• Work required: Pictures stay out of the output. Return exactly the lines below from the one with "American Vintage Harajuku" down to the one with "Sc. 621 VF appearing", both included, and nothing more.

• Data supplied:
□ □ □ □ □ □ □

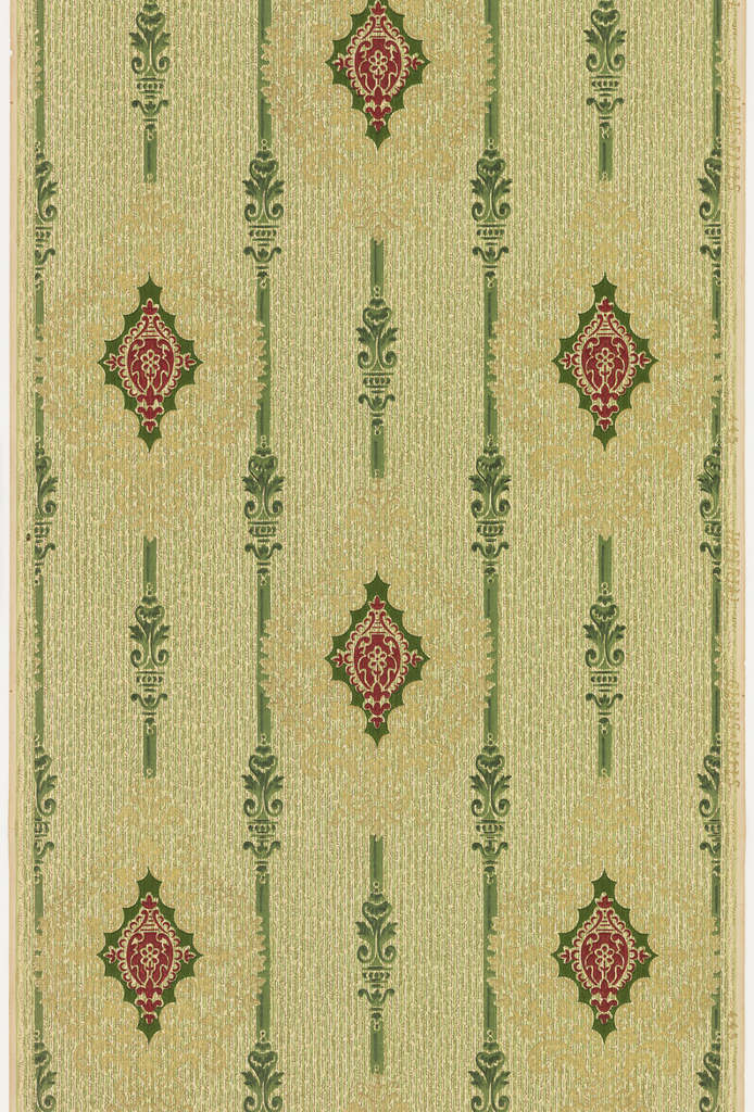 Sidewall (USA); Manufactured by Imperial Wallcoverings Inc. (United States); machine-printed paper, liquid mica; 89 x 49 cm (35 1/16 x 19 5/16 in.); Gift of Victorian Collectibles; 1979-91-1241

□ □ □ □ □ □ □

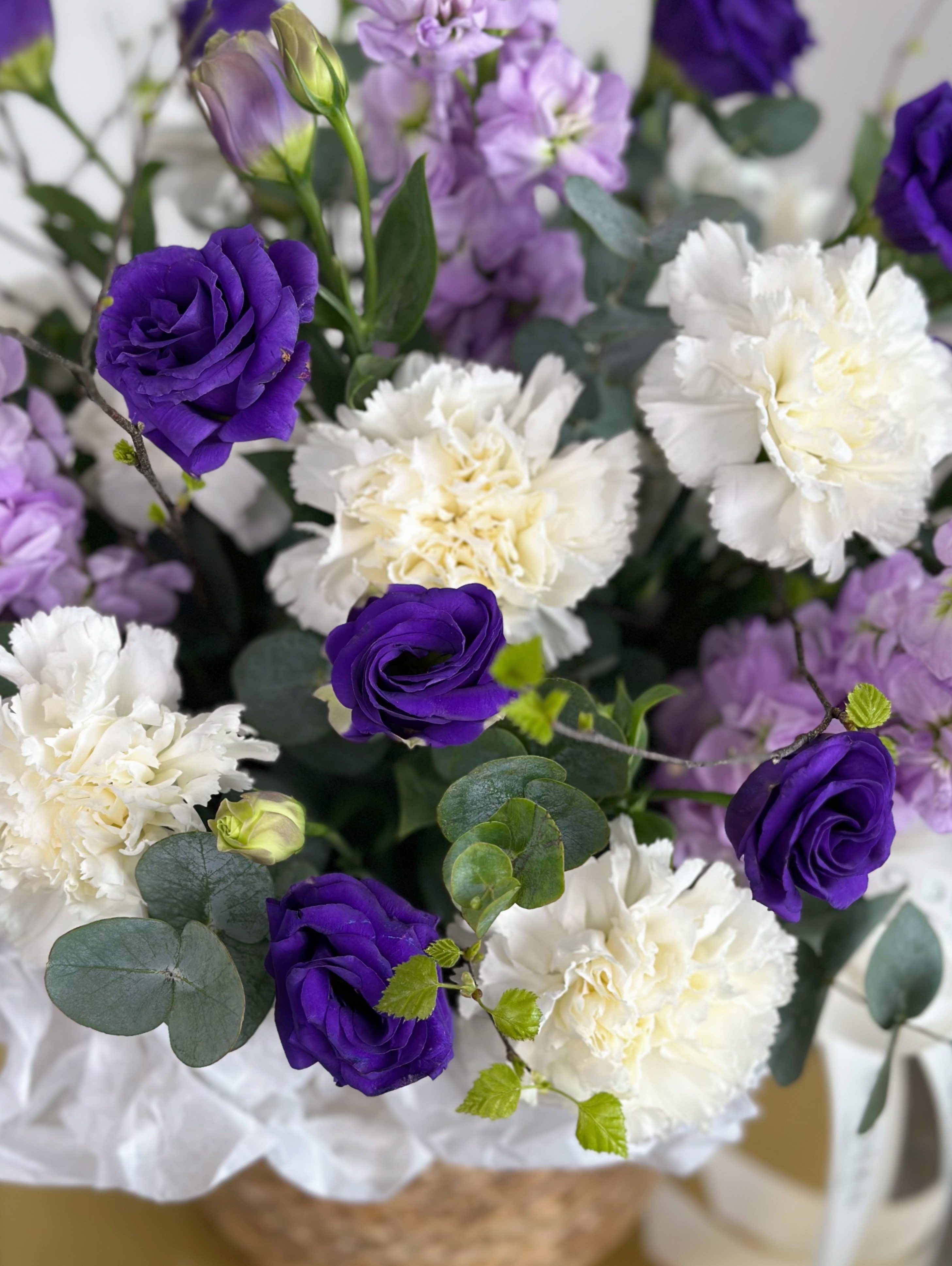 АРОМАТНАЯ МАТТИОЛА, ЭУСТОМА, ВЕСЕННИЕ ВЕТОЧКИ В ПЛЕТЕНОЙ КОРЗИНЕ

□ □ □ □ □ □ □

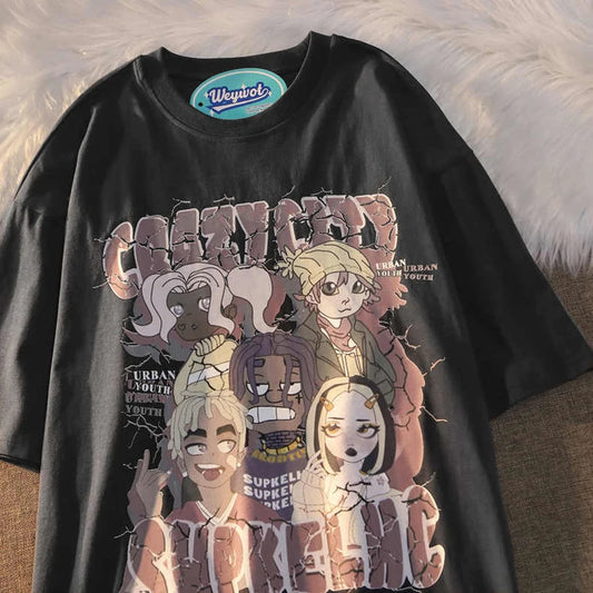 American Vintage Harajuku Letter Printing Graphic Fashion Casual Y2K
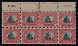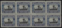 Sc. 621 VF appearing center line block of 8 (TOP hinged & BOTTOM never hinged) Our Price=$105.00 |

□ □ □ □ □ □ □

• Finished exercise:
 American Vintage Harajuku Letter Printing Graphic Fashion Casual Y2K
 Sc. 621 VF appearing center line block of 8 (TOP hinged & BOTTOM never hinged) Our Price=$105.00 |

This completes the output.